As it slid into the net finally I must admit I swore a bit.








A feeling of elation came over me as I saw how much of the net it filled. Charlie estimated it at 30 odd pounds. A 10lb increase on last year's PB. I was stoked to say the least. Photo time and a swim beside the boat saw this magnificent fish glide off back under the weeds. 








Hands were shaken all round and I retired from fishing for the next ½ hour or so just savouring the moment. Unfortunately Ben didn't raise a scale on this day. But his bout with a bass was to come tomorrow in the same pool.

Stay tuned for how the brothers fared on their barra hunt and Benny's bass bash!


----------



## AJD (Jul 10, 2007)

kayakone said:


> AJD said:
> 
> 
> > Fully locked drags followed by fingers locked on spools could not prevent 100lb leaders from being shredded, 65lb braid from snapping like cotton and knots being put under too much pressure.
> ...


Hi Trev - the FGK or F'ing good knot http://nomadsportfishing.com.au/wordpre ... a-fg-knot/ not one of these failed all trip and they were put under a LOT of pressure.


----------



## fishstix (Dec 18, 2011)

What a fantastic read!

Was lucky enough to fish this same area last year, your words are bringing it all back to me.

well done guys!


----------



## geminiwraith (Nov 26, 2010)

Words escape me. Well done guys!


----------



## wokka1 (Jan 31, 2011)

Brilliant reading, thanks.


----------



## imtheman (Aug 24, 2012)

mate that is the best report EVER
thankyou for the time it would of taken


----------



## AJD (Jul 10, 2007)

Day 2 Boat 2 Kurt and Grant

Well today was to be barra day for these 2 after their success with the bass on day 1. So after winding their way down river with a dropping tide and a rising sun the boys found themselves staring at an absolute millpond where the river widens out. Not a breeze ruffled the surface of the water and they had the place almost completely to themselves.








The figure of a lone local paddling a dugout in the distance was the only other sole around. The trolling of the banks commenced but the fish didn't want to play. It was sometime later that a lonely cod inhaled Kurts lure. Kurts first ever cod so even with it being small he was pretty pleased at another new species. 









Somewhat later in the morning it was Kurts rod again that buckled over when they were trolling the bank of a feeder creek. This fish put up a more spirited struggle than the little cod and when he finally had the fish in the net Kurt found he had scored another first for him a mangrove jack. This was a welcome addition to the dinner menu for the crew.

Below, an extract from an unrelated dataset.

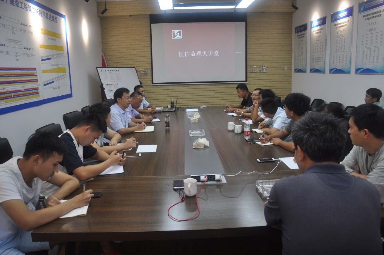 根據(jù)公司工作統(tǒng)一安排,結(jié)合“恒信監(jiān)理大講堂”的講座計(jì)劃,公司工程部會(huì)同總工辦于2019年8月17日上午在濟(jì)南市順河快速路南延項(xiàng)目監(jiān)理部舉辦“恒信監(jiān)理大講堂”,本次講座也是公司“大講堂”創(chuàng)新模式,不拘一格,靈活多樣,將“大講堂”搬到駐地項(xiàng)目監(jiān)理部,更能直接的和現(xiàn)場(chǎng)監(jiān)理人員面對(duì)面的進(jìn)行溝通和交流。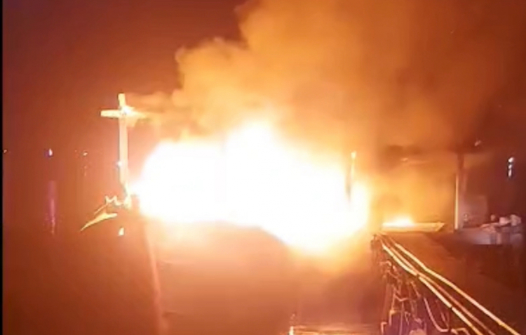 Khuya 21/4, sau khi cập bến tại cơ sở nước đá Bùi Dinh ở phường Thuận An, TP Huế, một tàu cá bất ngờ bốc cháy dữ dội.

Moving further up the creek the boys were seeking shade from the sun which was now directly over head. The trees overhanging the creek provided just the sort after shade they were after. It also provided a number of large snag piles that just begged for a cast. Casting was how the 3rd fish for the day found Kurt's line. A small black bass gave Kurt a towel up before being extracted from its lair. While the smallest bass for the trip so far it put up a great fight and was a terrific addition to the day that was aimed at barramundi.








After a lunch and multiple casts in the shade the decision was made to move back to the river proper to troll the banks on the making tide. The boys were hopeful that the tide would make all the difference to their barra quest after their slow morning. Grant by this stage hadn't turned a reel.

Kurt had the mojo today as his lure was engulfed by a silver acrobat that put on a show only a barra can do. Head shakes, jumps, big boils on the surface were all part of the entertainment before a lovely chrome barra in the mid 70's slide into the net. Happy snaps and big smiles. Then into the icebox for the camps dinner. Kurt's run of firsts continued to grow with this fish and his reason for coming to PNG had now been achieved - barra and black bass!

Grant did turn a reel in the end. Hooked up to a barra.........cuda he had a short fight before the fish was lost beside the boat.








So tomorrow on our last day we need to secure a bass for Ben and a barra for Grant .


----------



## AJD (Jul 10, 2007)

Before Day 3 though there was the night of celebration and some camp fire BS fuelled by the local brew and the local addiction - Beetle Nut!


----------



## AJD (Jul 10, 2007)

Day 3 round up -

Kurt and Ben teamed up to go upstream today and search for Ben's elusive Black Bass. I reckon Kurt was just a little bit addicted by this stage as well as he put his hand up pretty quickly to go with Ben. Once again the bass boys were under Charlie's expert care and with dropping water levels in the upper reaches of the system hopes were high for a BIG day on the bass!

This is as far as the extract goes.